On the surface it looks fine. As the picture shows, there are long beaches with grand bays and huge (crumbling into the sea) cliffs, seaside hotels and rambling town streets. It attracts a lot of people on the summer weekends in particular, with walkers and people braving the cold UK seas.

But the whole place from a hotel and sea front perspective seems to have become an over extended retirement centre. The hotels are full of people peering out at you as you pass. Now of course if you want somewhere busy to sit and peer at people with the backdrop of sweeping beach and sea this fits the bill perfectly. The hotels seem quite cheap even in the peak season.

We had a drink in the Riveria hotel and again it feels like you are caught in a strange time warp. Both the decor and the service is very 1970s.


The food and service in the hotels and restaurants is good enough, but again feels a few steps behind. This may be as there is a lot of transient passers through, and so they can get away with it.

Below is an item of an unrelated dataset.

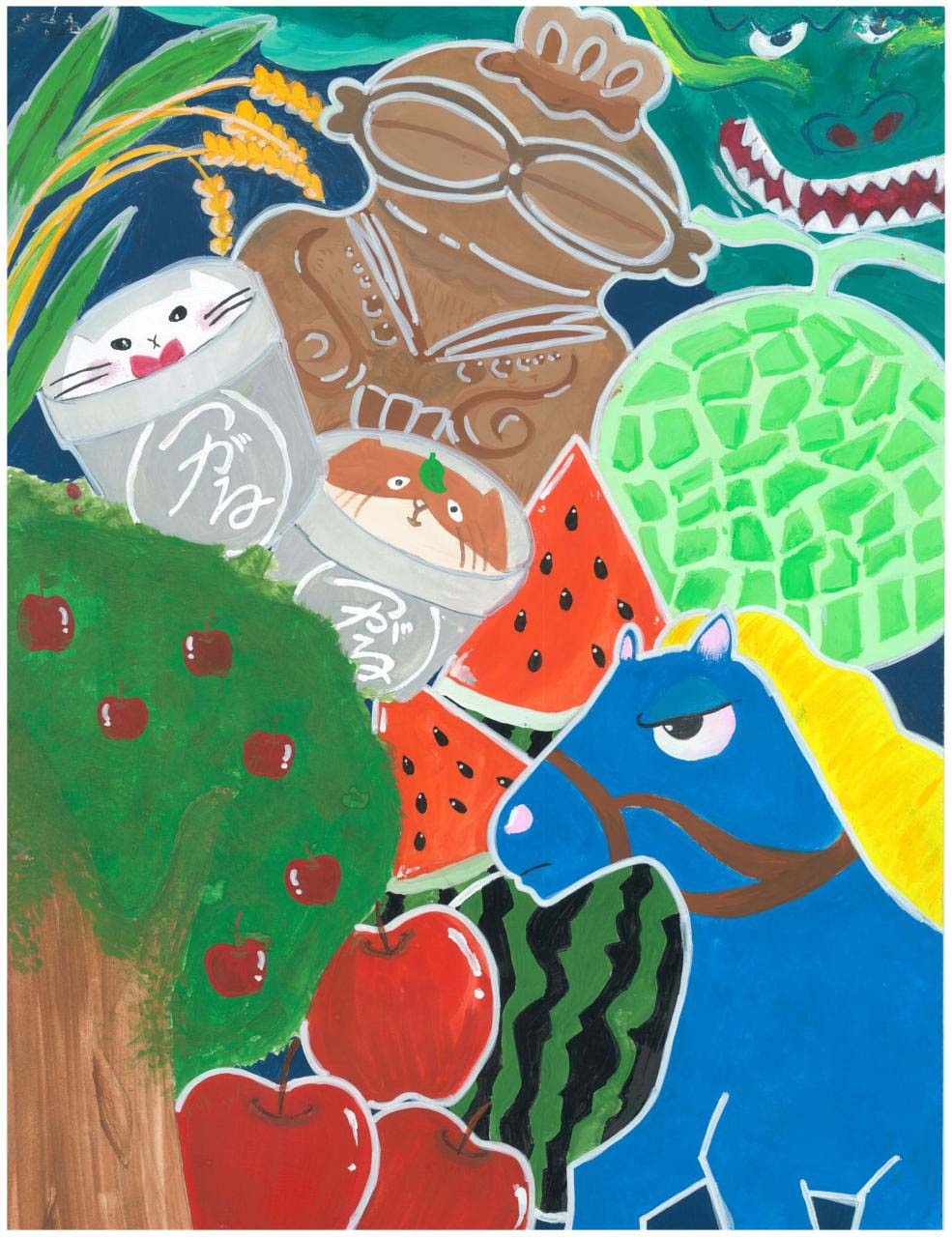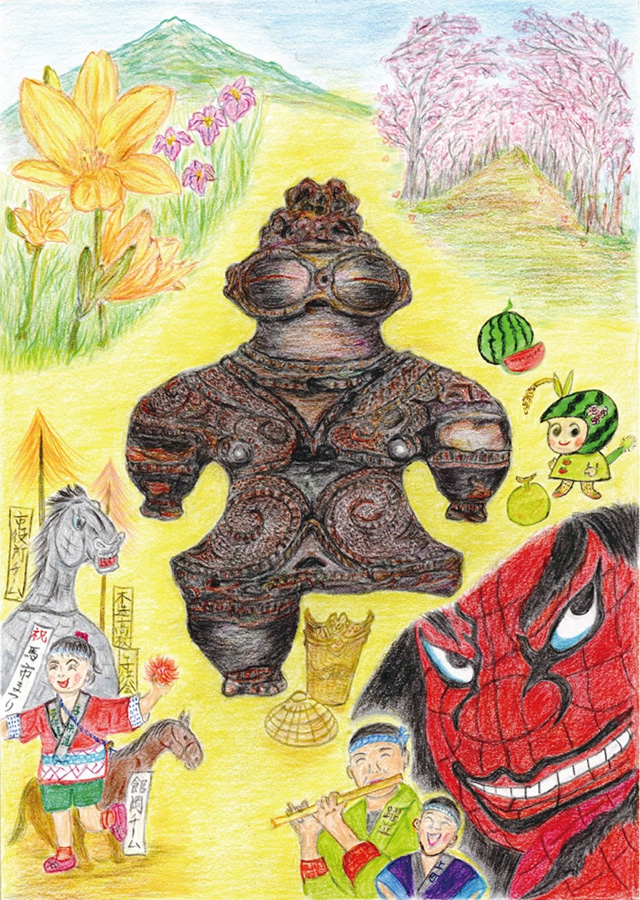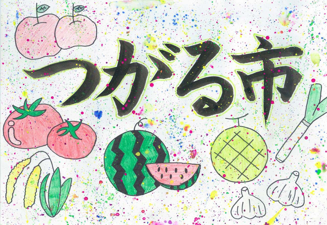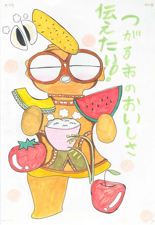 つがる市にある特産物を中心に描きました。私の知っているつがる市の食べ物や馬、土偶を大きく紙、全体に描くように心がけました。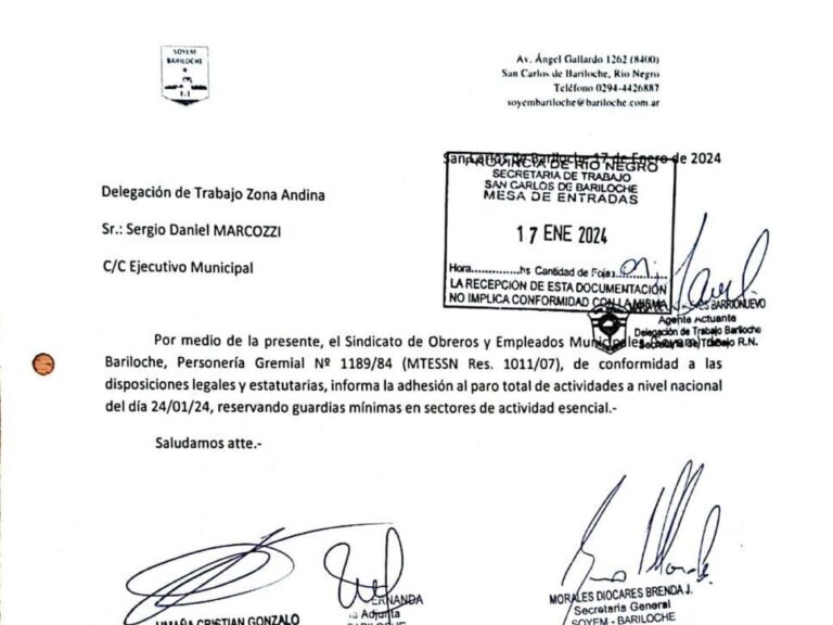 #24E: Las y los trabajadores municipales de Bariloche adhieren al Paro General 22 de enero de 2024 Leer más

There is a large Folk Festival in August that is a big deal for the town and has loads of people camping outside the town. Then across summer there are a number of different functions and events, and it feels like the whole area breaks out in small fetes and garden parties through the July/ August season.


Of course, if you like the sea side, like walking and big bold cliffs and bays then is best to make sure you face that way and enjoy that part of Sidmouth...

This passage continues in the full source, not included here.